To love is not a very difficult task. What is very hard is the recognition of that emotion; the simultaneous act of taking ownership of it while giving it away to someone else to hold, nurture, protect, and harvest. I think the difficulty emerges from the fact that although we give it away in the hope of receiving those blessings, love can be dropped, stunted, violated, and left fallow. So we are left yearning but fearful.

We climb the heights of passion sometimes slowly other times quick to stand at the precipice that overlooks paradise but we are afraid to enter it because it requires us to set foot off of the mountain we have spent so much time climbing and to free fall with only an all consuming hope that some how we will float or lean to fly and make a new home in heaven. That is the dream of love that sustains me at least.

But as you know. I don't sleep much and therefore have precious little time to dream.

And I don't like climbing mountains or heights and alot if other shit that I used to paint my poetic picture.

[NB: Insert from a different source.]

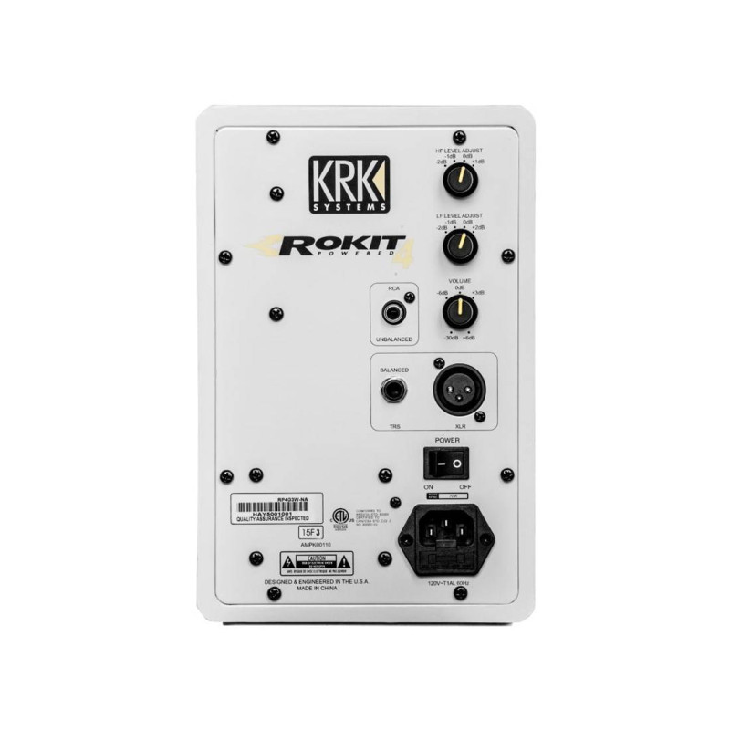 KRK RP4G3W - студийный монитор. Данная модель является профессиональным студийным монитором ближнего поля с 4-дюймовым динамиком. Монитор оснащен независимыми усилителями для ВЧ динамика и для НЧ динамика, что позволяет избежать искажений в звучании, а также улучшить детализацию звука. ВЧ динамик диаметром 1" оснащен усилителем мощностью 10 Вт, а НЧ динамик диаметром 4" оснащен усилителем мощностью 20 Вт. Несмотря на небольшой диаметр динамика, данная модель обладает широким диапазоном частот от 51 Гц до 35 кГц. НЧ динами изготовлен из композитного материала, а корпус монитора изготовлен из усиленного МДФ. Специально разработанный волновод гарантирует детализированное отображение во время прослушивания. Данная модель монитора идеально подойдет для домашних студий небольших размеров.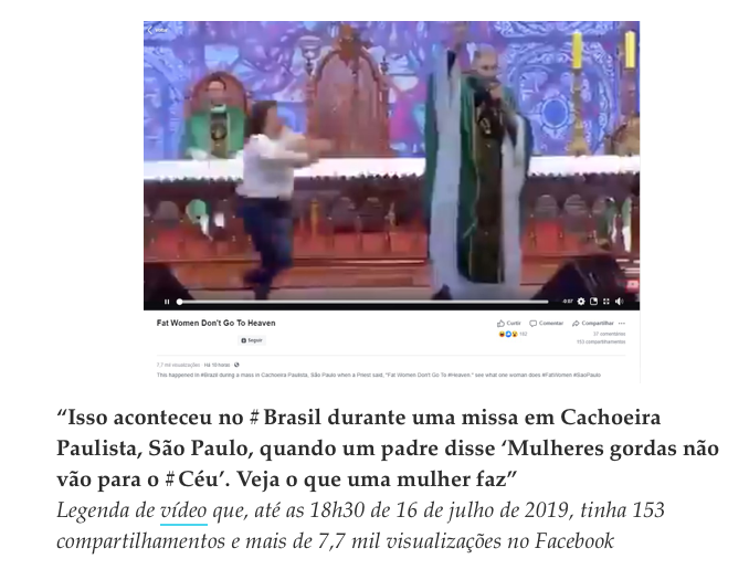 De acordo com a Agência Lupa, plataforma brasileira de fact-checking, "antes de ser atacado, o padre falava sobre a função de um sacerdote - e não fez nenhuma menção à frase atribuída a ele nas publicações que começaram a circular em outros países, de que 'mulheres gordas não vão para o céu' (leia aqui a homilia completa do padre Marcelo Rossi). 'Essas mãos não mais me pertencem. Pecadoras, fracas, mas essas mãos pertencem a Jesus. Tanto que o sacerdote age na pessoa de Cristo. Para servir, para abençoar', diz o padre. Nesse instante, é derrubado do palco. Ele não se feriu e continuou a missa depois da queda".

When you climb you get dirty. You bleed. And by the end of it all you tend to end up looking a hot mess. Not to mention that in my metaphor the only options you have I'd you manage to get to the top are to stay at the top of the mountain probably with some sense of accomplishment, but alone and probably hungry. Or you jump, and learn the same lesson as icarus that you pobably should have kept your feet on the ground, fuck what you heard.

So keep climbing.

(shrug)

What the hell else do you have to do today?